The influence of spatial planning on settlement development in Germany and Switzerland: A comparative analysis of governance capacity and impacts
Regional planning is said to be one of the best researched fields of spatially related planning research. It seems, however, that in recent years research interest in regional planning has somewhat declined, despite the fact that the field remains an extremely interesting research object for a number of reasons. Regional planning has a role in both horizontal and vertical coordination and is fundamentally suitable for the analysis of governance problems that embrace a number of levels and sectors. It is one of the few organizations that – in some cases “under one roof” – is involved in both the process of strategic agenda setting and the implementation of those agendas.
The management of settlement development is traditionally seen as one of the core tasks of regional planning. In the debate on preventive climate protection and climate adaptation, questions concerning spatial land-use management have recently attracted increased attention.

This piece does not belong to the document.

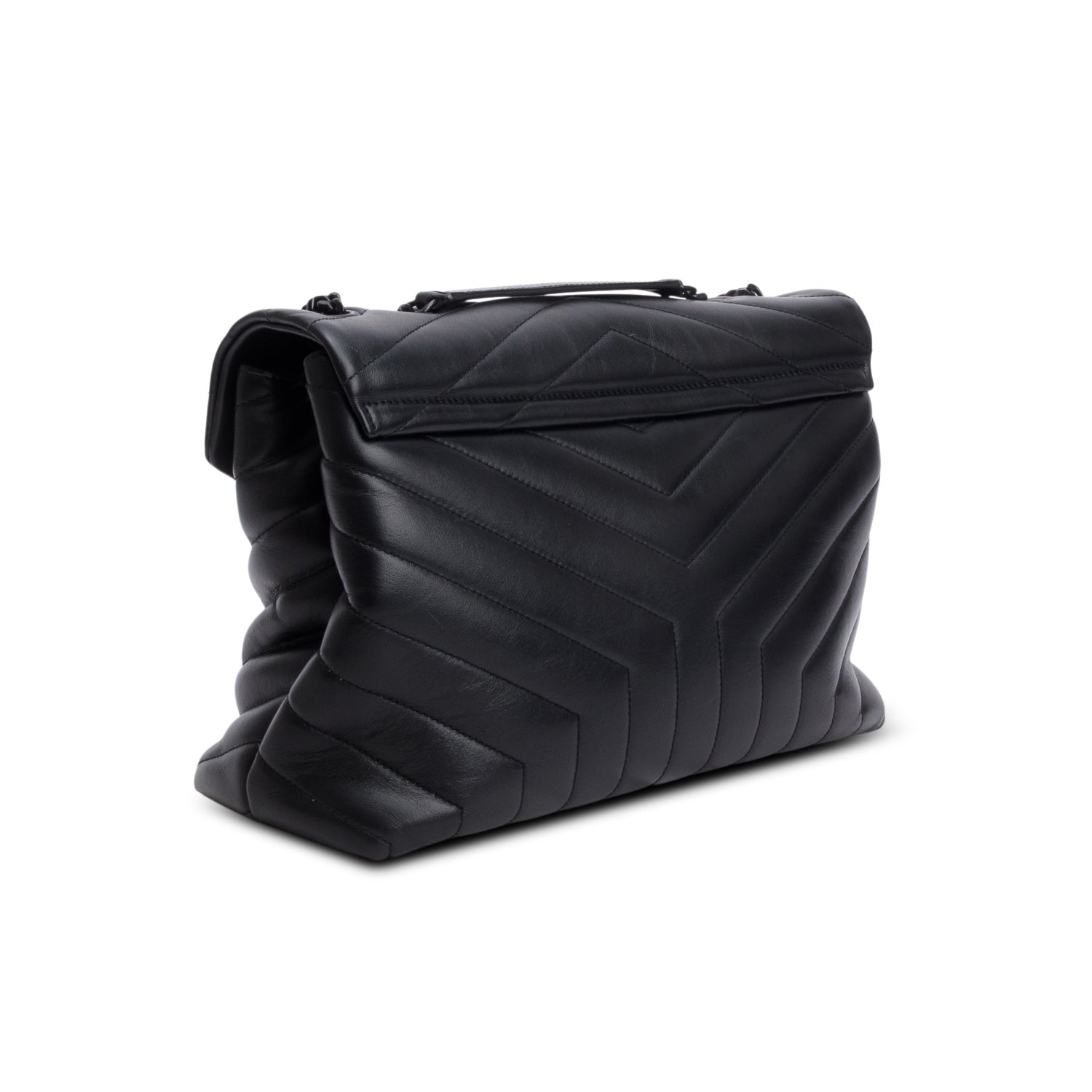2022 Black Calfskin Y Quilted Monogram Monochrome Medium Loulou Chain Satchel w/ Receipt

The possible impacts of regional planning are nonetheless not uncontroversial in Germany and Switzerland, as also in other Western industrial countries. On the one hand, the efficacy of regional planning is largely denied, or at least the weak implementation of regional planning goals criticized. On the other hand, regional planning is frequently censured for hindering growth and regional development by applying overly stringent regulations.
This controversy, which is also political in nature, represents the starting point of the research project. The goal is to undertake a bi-national comparison of two federal countries in order to investigate the actual impact of regional planning on settlement development within regional governance structures.